Patients with (n = 22) and without (n = 108) a malignant disease showed no significant difference in their mean ODI score at T0 (68 vs. 76, p = 0.08). Supplemental Table 2 details neoplasm entities (solid vs. hematologic) and the status of disease activity of the 22 patients with a malignant disease.

Follow-up data of 82 (63%) patients were available at T2, with 54 patients in Group 1 and 28 patients in Group 2. The mean ODI at T2 of Group 1 was 16, the mean ODI of Group 2 was 53. The differences to the mean ODI at T1 were not significant for both groups (p = 0.16 for Group 1 and p = 0.62 for Group 2).

Discussion

In this post-hoc analysis of data from 130 patients of a prospective SD registry, we aimed to identify risk factors that predispose patients to an unfavorable outcome in terms of ODI. We found that preoperative leg pain and the presence of a malignant disease were associated with an ODI ≥ 35, indicating an unfavorable outcome one year after treatment.

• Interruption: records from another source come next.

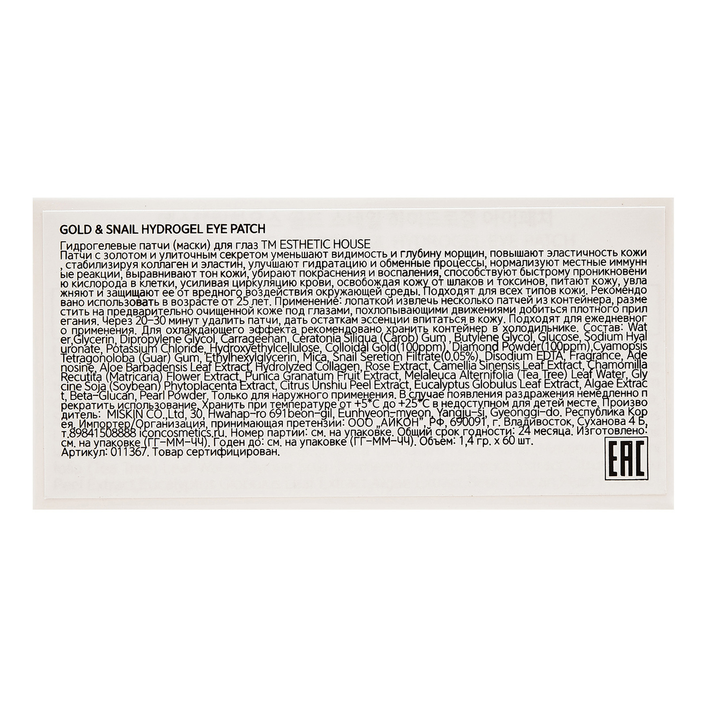 ESTHETIC HOUSE Увлажняющие патчи для глаз Gold&Snail Hydrogel, 60 шт
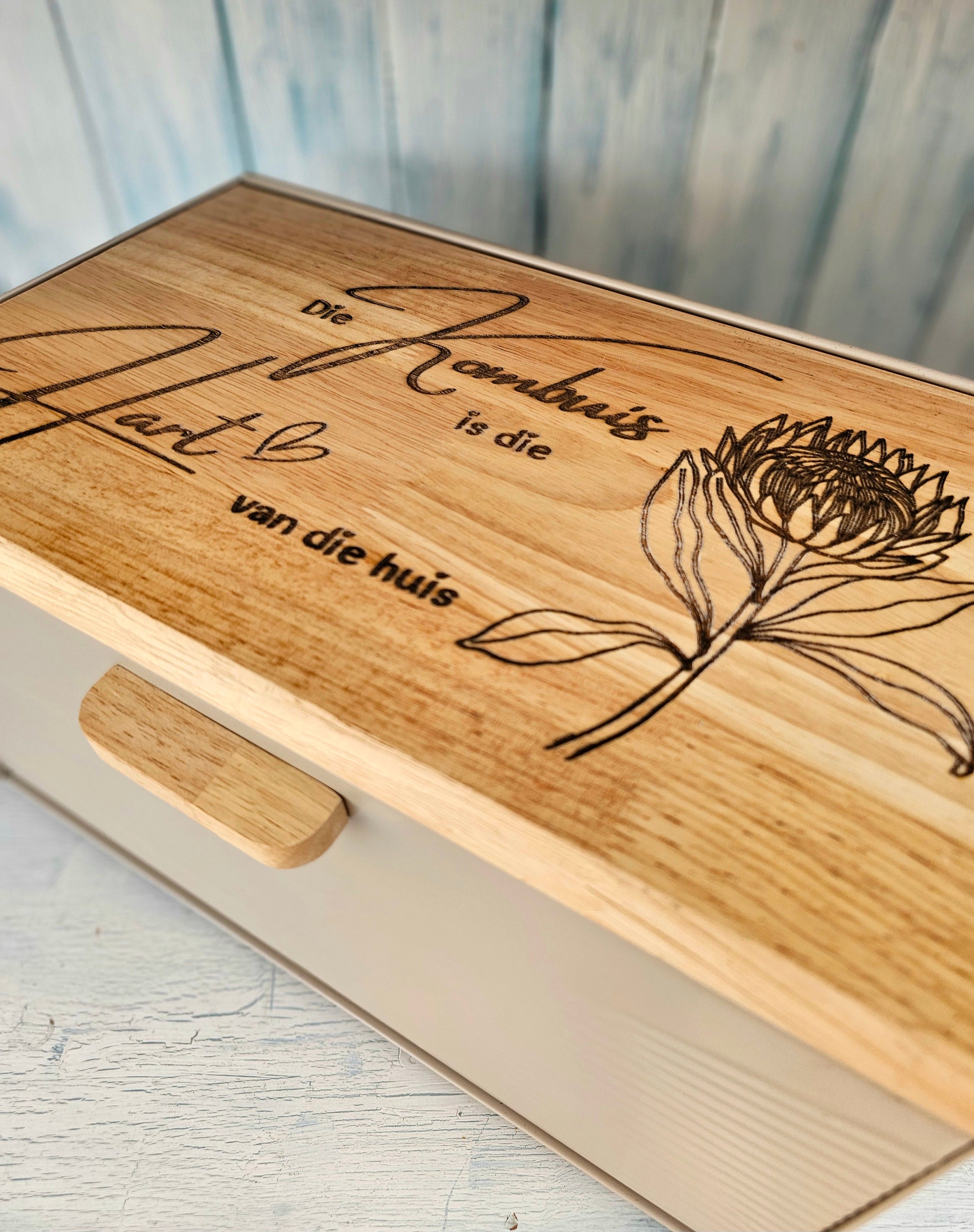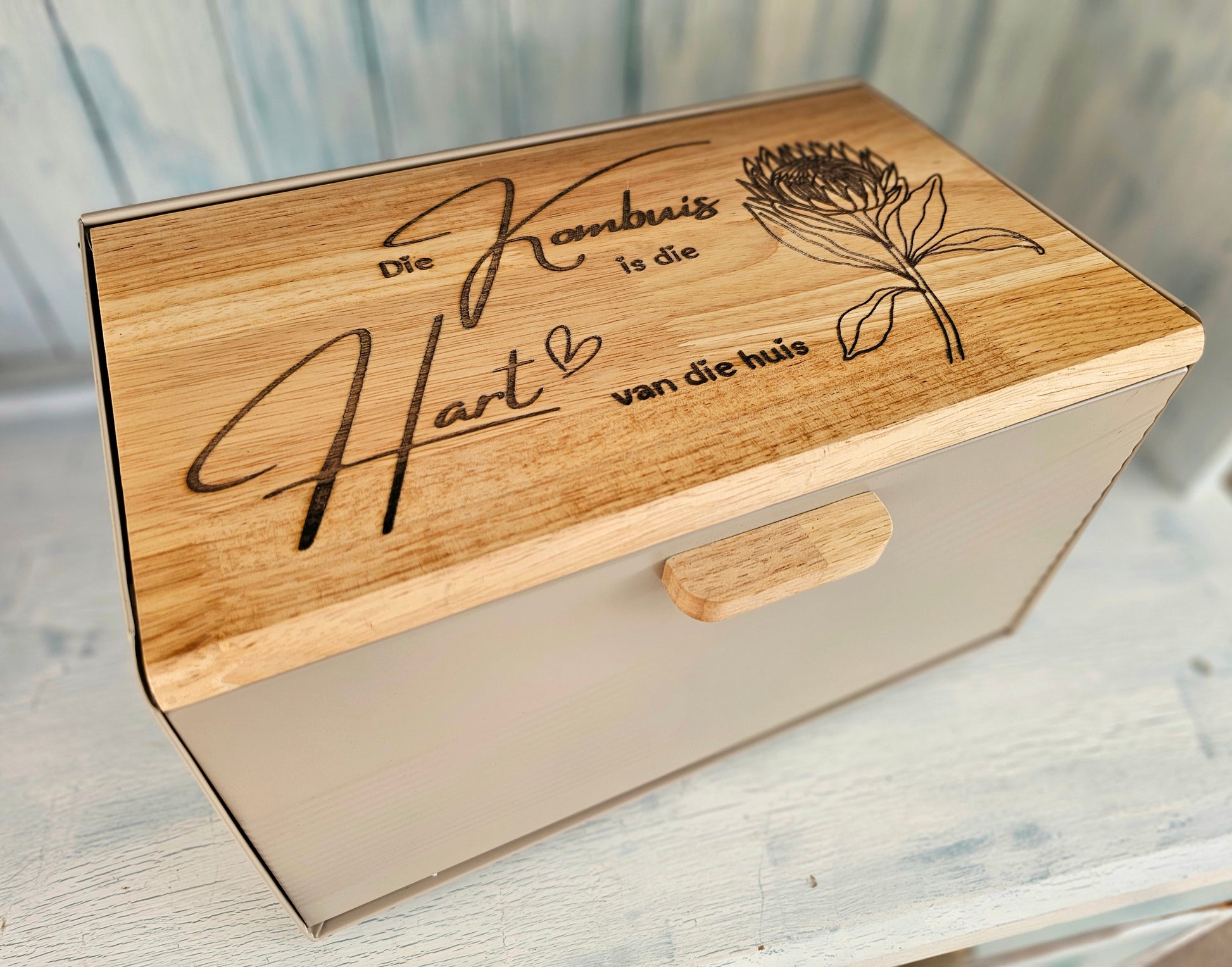 Large bread storage container made from tin and wood, engraved with "die kombuis is die hart van die huis"
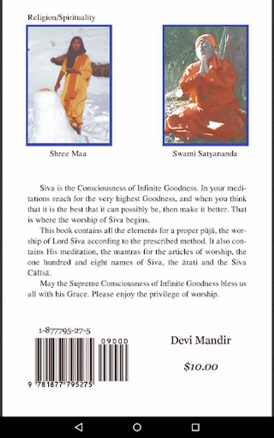This book contains all the elements for a proper puja, including Shiva’s meditation, mantras for the articles of worship, His one hundred and eight names, arati, and the Shiva Calisa. All mantras are presented with the original Sanskrit, Roman transliteration, and English translation. Also included is a guide to Sanskrit pronunciation.
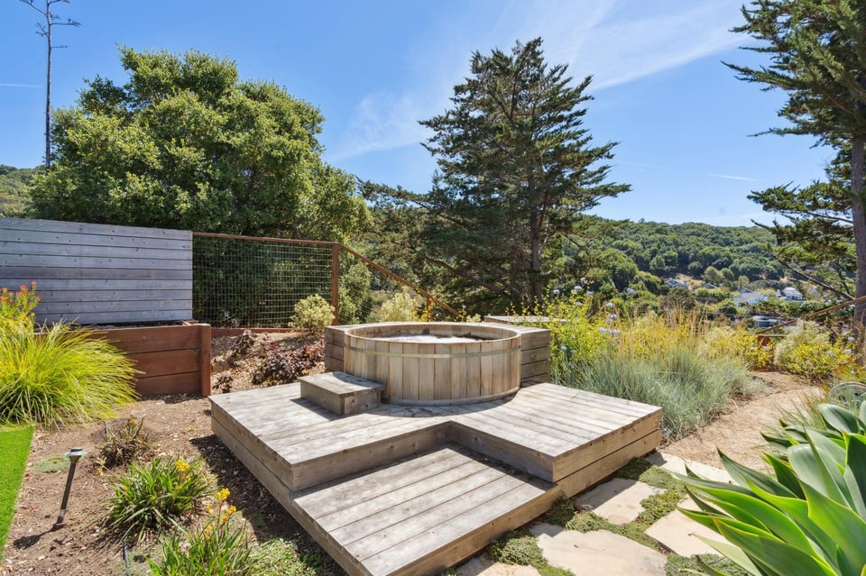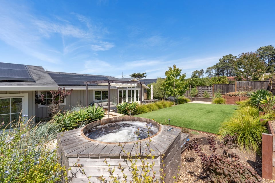 The primary suite is a private retreat with wood-beamed ceilings, a luxurious spa-inspired bathroom complete with a steam shower and heated floors, and French doors that open to the beautifully landscaped backyard. Outside, you'll find a custom cedar spa, low-maintenance turf, modern hardscaping, and a retractable shade arbor for year-round enjoyment.
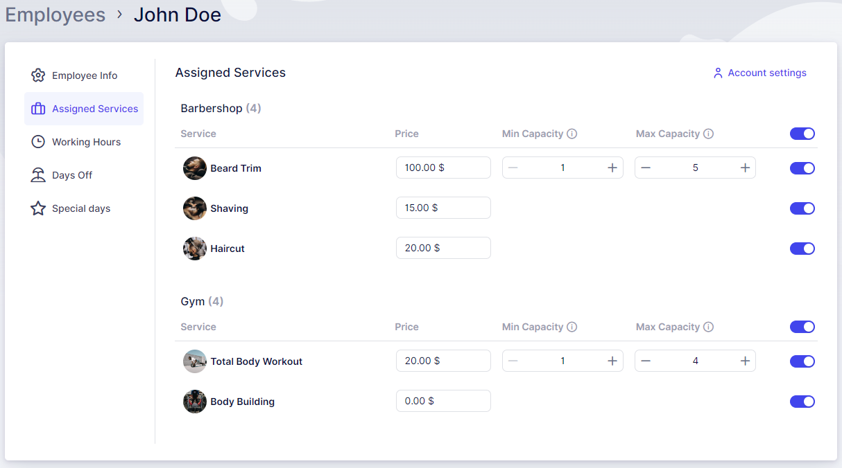In the “Assigned Services” tab, you can manage which Categories and Services the employee will provide by enabling or disabling them. Once services are assigned to the employee, you can configure different prices for those services specific to that employee, as well as set different minimum and maximum capacities.

With a predominance of male sex, a mean age of 65 years and Staph. aureus as the most prevalent pathogen, our cohort is typical for SD12,13. Our cohort showed a significant improvement in terms of ODI after treatment, which is in line with other studies2,5. However, approximately one third of our study population had an unfavorable outcome in terms of ODI. This confirms findings by Stoop et al.6, who found that 44% of their patients had an ODI of > 20 five years after diagnosis, and underlines the great impact SD has on patients’ lives.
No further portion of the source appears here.